Hillary: Yeah. I am going to pick up what Sarah was recognizing that from my patients, their families perspective, especially older adults with serious illnesses, advance care planning is one sliver of it. There is so much additional anticipatory guidance, unmet opportunities, a need, a thirst for resources, especially resources that actually resonate and would be things that they could see themselves being able to access and use.
Hillary: Like that’s the magic one. Advance care planning is a start. It’s one entrance in and it’s the one perhaps most accessible to me in primary care, but it’s part of a bigger ongoing need.
Sarah: Sarah Yeah, I love Hillary’s magic wand. I think kind of along the lines of some of our discussion that I hope we can continue to work to really decolonize advance care planning and take it in the work that we’re I think all three of us are doing to try to reach communities that are experiencing disparities. Despite so many interventions.
Sarah: I hope we can continue to find ways either as researchers or clinicians or advocates in the community, to really decolonize this process and framework and find ways to continue to make it speak to people and so that more folks are engaged and feel empowered through it.
Eric: Speaking of Alex, this is or not this is not going to be our last ACP podcast on equity and no, we are planning upon this. Listeners get a sense of how far out we plan this fall. We’re doing a podcast with Ferron EPS and Karen Moss about advance care planning in African-American churches. So listen for that. LJ Your magic wand.

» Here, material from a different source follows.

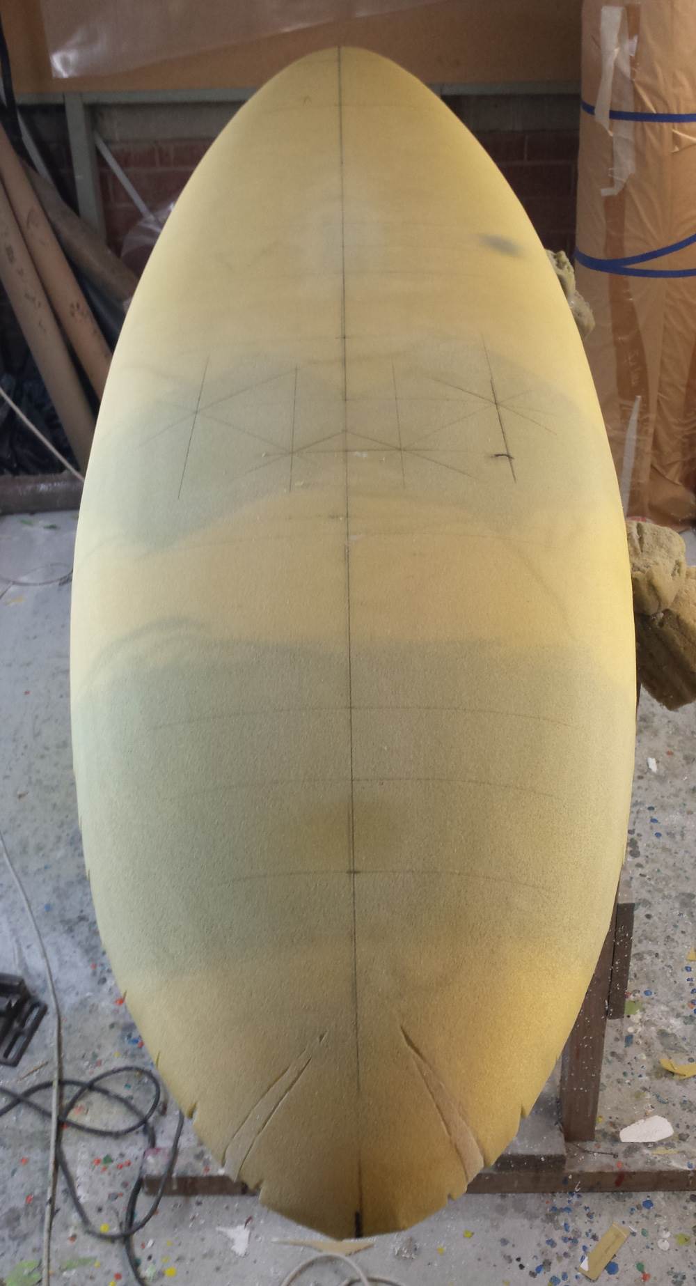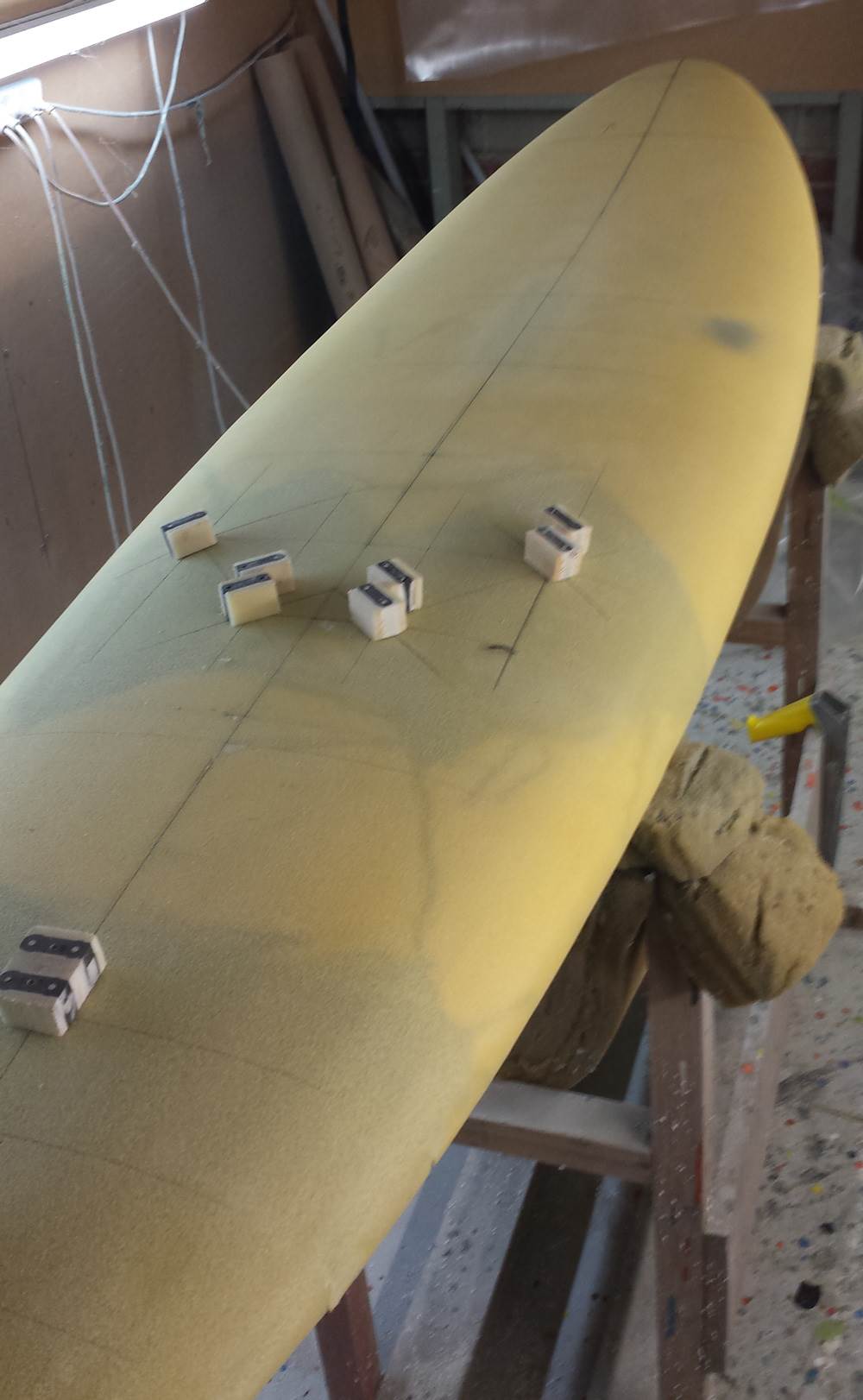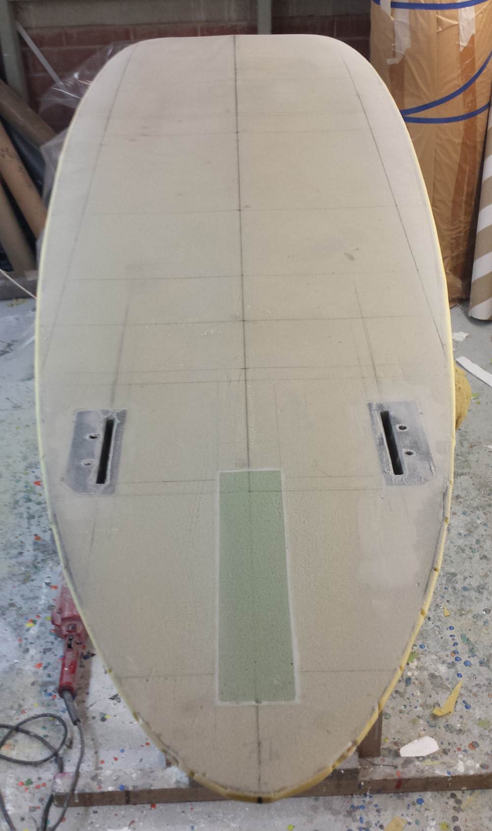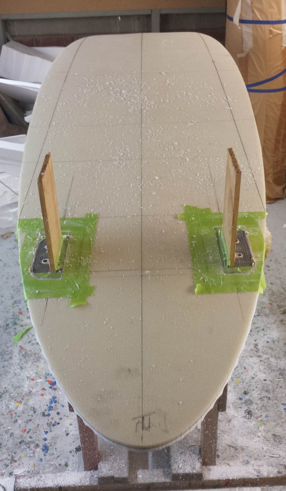 I have now sanded of the excess HD foam off that was wrapped around to the bottom. Marked and squared up the foot strap plugs ready for fitting tomorrow
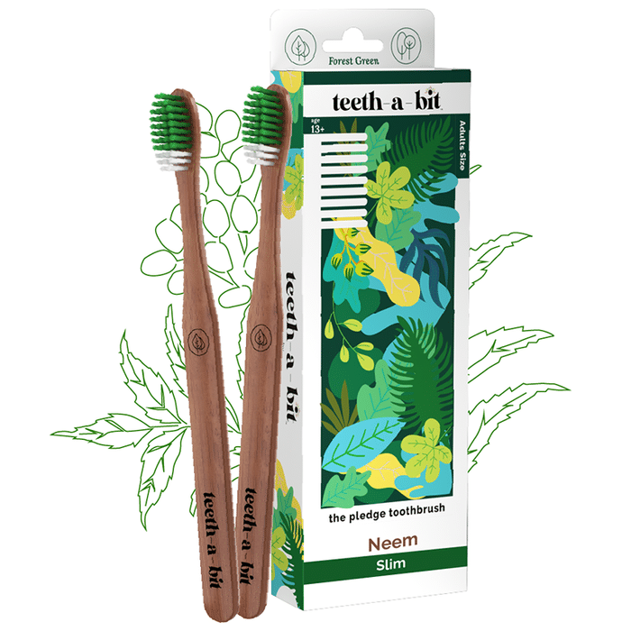 Teeth-A-Bit The Pledge Neem Adults Toothbrush Slim Forest Green

LJ: If I could wave my one, I would find a way to say what it is like. What is it that advance care planning does for people? That’s helpful. And I think if I had a magic wand, that’s what I would want to put into a box that we could measure and report and say, Here it is, this is the smoking gun, this is why we should be doing this.
LJ: And we haven’t found it yet. We’ve certainly I’ve tried we’ve done this integrated variable that includes includes all these different types of outcomes, which is a whole other.
Eric: I guess with that outcome. It’s why we should be doing this or why it doesn’t work, right?
LJ: Yeah, right. Well, but we know … this is what I’m saying, is that qualitatively we know and I’m sure that that authored the articles would probably agree that there is benefit right in doing this work and having these conversations is just what is the benefit? How do we measure it and what is it? But I have no question in my mind that it that it has benefit.
LJ: Just that magic wand is what we need to figure out what it is.
Eric: Yeah, well, I want to thank all three of you for joining us. But before we leave, I think we got a little bit more of a teaching coming this way.
Alex: Everyone across the nation. (singing)
Eric: Thank you, Sarah, for that song request. Well, I thank you, all three of you, for joining us on this podcast. That was absolutely fabulous.
Sarah: Thanks for having us.
LJ: Thank you.
Hillary: Have a great one, this was fun.
Eric: Thank you. And all of our listeners, thank you for your continued support.